Homo erectus wushanensis (o fóssil do homem de Wushan foi primeiramente
descoberto em Longgupo, no vilarejo Zhenlongping, Condado de Wushan, província
de Chongqing -China- em 1985). Viveu há 2 milhões de anos.
Homo erectus pekinensis (foi descoberto durante escavações nos anos de 1923 a
1927, em um local próximo a Pequim, capital da China. O material arqueológico
encontrado foi datado entre 250.000 a 400.000 anos, no Pleistoceno. Mas, segundo
estudos recentes, descobriu-se que ele poderia ter vivido há 800.000 anos) – O
homem ereto de Pequim ou de Beijing, foi chamado inicialmente de Sinanthropus
pekinensis.
Homo erectus soloensis (Ilha de Java - Indonésia) - Homem ereto do Rio Bengawan
Solo (Java) - estudos mais rigorosos concluíram que, enquanto muitas subespécies
de H. erectus desapareceram do registro fóssil bruscamente 400.000 anos atrás, o
Homo erectus soloensis persistiu até 50.000 anos atrás na região de Java e foi
possivelmente absorvida por uma população local de H. sapiens na época de seu
declínio.
Outras subespécies:
Homo erectus palaeojavanensis;
H. e. nankinensis;
H. e. hexianensis;
H. e. mauritanicus;
H. e. palaeojavanicus;
Fonte: http://sasquatchresearch.net/hominoids.html
Capítulo 6: Gigantopithecus, os maiores primatas de todos os tempos
Gigantopithecus é um gênero de primatas gigantescos, os maiores que já existiram
na face da Terra, extintos há milhares de anos.
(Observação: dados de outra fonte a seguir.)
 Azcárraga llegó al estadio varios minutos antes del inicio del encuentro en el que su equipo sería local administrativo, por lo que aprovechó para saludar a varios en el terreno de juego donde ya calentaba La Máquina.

Esse gênero é muito próximo do
gênero dos orangotangos, que vivem na Ásia, e ambos podem ter um ancestral
comum recente. Especula-se que tais primatas gigantes podem ter dado origem a
lendas como a do Pé Grande.
Gigantopithecus – representação artística
Os Gigantopithecus eram seres curiosos: podiam chegar a até 3 metros de altura (!)
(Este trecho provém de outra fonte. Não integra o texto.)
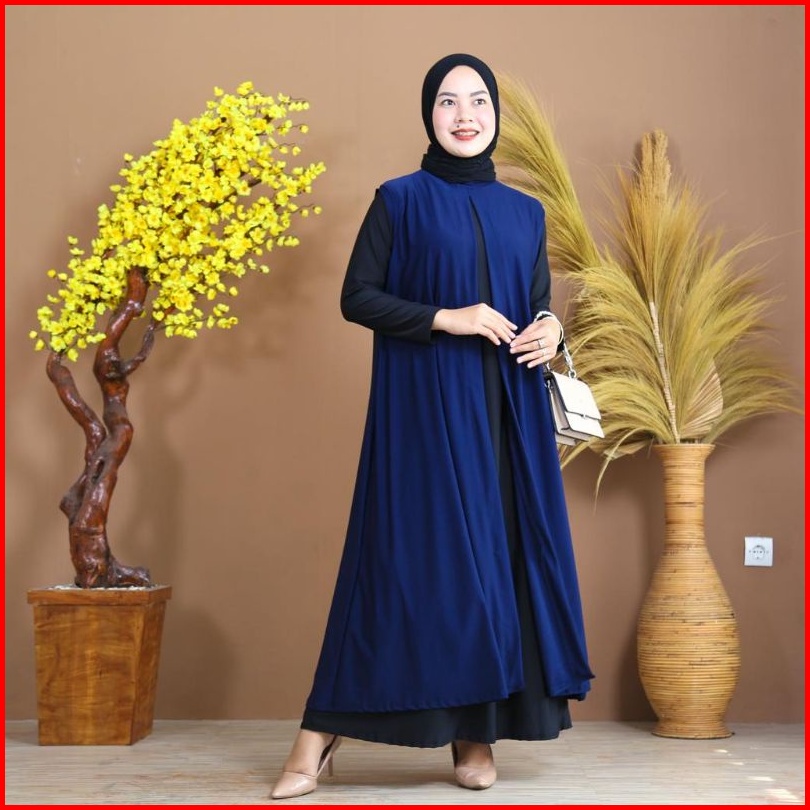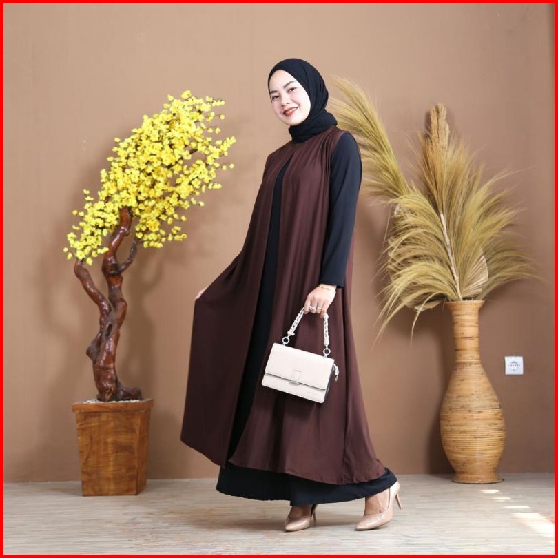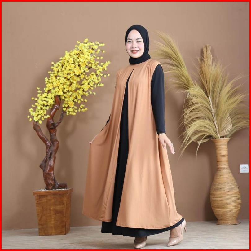 Long Cardi Wanita Tanpa Lengan Premium Long Outer Kutung Outer Wanita Jumbo Ld 120-145 Premium Jumbo

e pesar até 600 Kg (a título de comparação, um gorila atual chega a 2 metros de
altura). Essas informações podem ser encontradas no livro “Human Evolution – An
Illustrated Introduction” do autor Roger Lewin (5ª edição, página 107). As fêmeas
tinham metade do tamanho do macho, o que indica que, talvez, viviam em "haréns",
como os gorilas. Possuíam braços fortes e compridos, comiam bambus e outros
vegetais e se locomoviam, provavelmente, sobre os nós dos dedos. Alguns o
consideram um bípede (!), mas a verdade é que não há muita evidência fóssil que
indique a forma de sua locomoção.
A maioria dos Gigantopithecus foi extinta pelo H. erectus há uns 300.000 anos. No
entanto, alguns sobreviveram até uns 100.000 anos atrás (G. blacki) e foram mortos
pelos H. sapiens ou pela competição com os ursos panda (que também se
alimentam de bambus).
Existiram 3 espécies do gênero Gigantopithecus: Gigantopithecus blacki,
Gigantopithecus bilaspurensis e Gigantopithecus giganteus. Todas viveram na Ásia
(Índia e China, principalmente), conforme pode-se ler na Wikipedia. São primatas
classificados como pertencentes à família Hominidae (a mesma dos humanos),
subfamília Ponginae (a mesma dos orangotangos). Portanto, não eram tão próximos
de nós como os chimpanzés ou os gorilas, que pertencem à mesma subfamília dos
humanos (Homininae), mas eram incrivelmente semelhantes fisicamente à nossa
espécie.
:
Gigantopithecus – comparações. Fonte: Wikipedia
Capítulo 7: Homo ergaster
Na década de 1990, na África, perto do desfiladeiro de Olduvai, foi descoberto um
esqueleto quase completo do famoso Homo erectus africano, reclassificado como
Homo ergaster. O H. ergaster é mais antigo do que o H. erectus e tem proporções
corporais ainda mais semelhantes ao H. Sapiens. Viveu na África do Sul e na África
Oriental.
Eram basicamente como nós. A principal diferença estava no volume craniano, que
não passava de 900 centímetros cúbicos (pouco menor do que o volume craniano
do erectus, que tinha, em média, 1.000 cm3 e muito menor que o nosso, de 1.400
cm3 em média). Entretanto, há fósseis mais antigos de ergaster com volume
craniano de apenas 508 a 582 cm3. O famoso Menino de Nariokotome (esqueleto
quase completo de ergaster, descoberto na década de 1990) tem esse volume
encefálico.
Os autores do livro "The Last Human" consideram o bipedalismo do H. ergaster
inquestionável, mas com base em características da cintura escapular acreditam que
as crianças ergaster poderiam demorar mais tempo para andar (uma criança
humana anda por volta dos 12 meses, os ergaster, talvez demorassem 16 ou mais
meses).
O Homo ergaster era capaz de produzir ferramentas de pedra polida (estilo
acheuliano), mas não tinha uma inteligência muito superior à do chimpanzé. Se
ainda vivessem, seriam considerados uma espécie estúpida (com pouca
inteligência) de humanos, mas, sem dúvida, tendo em vista suas evidentes
características físicas, seriam considerados humanos.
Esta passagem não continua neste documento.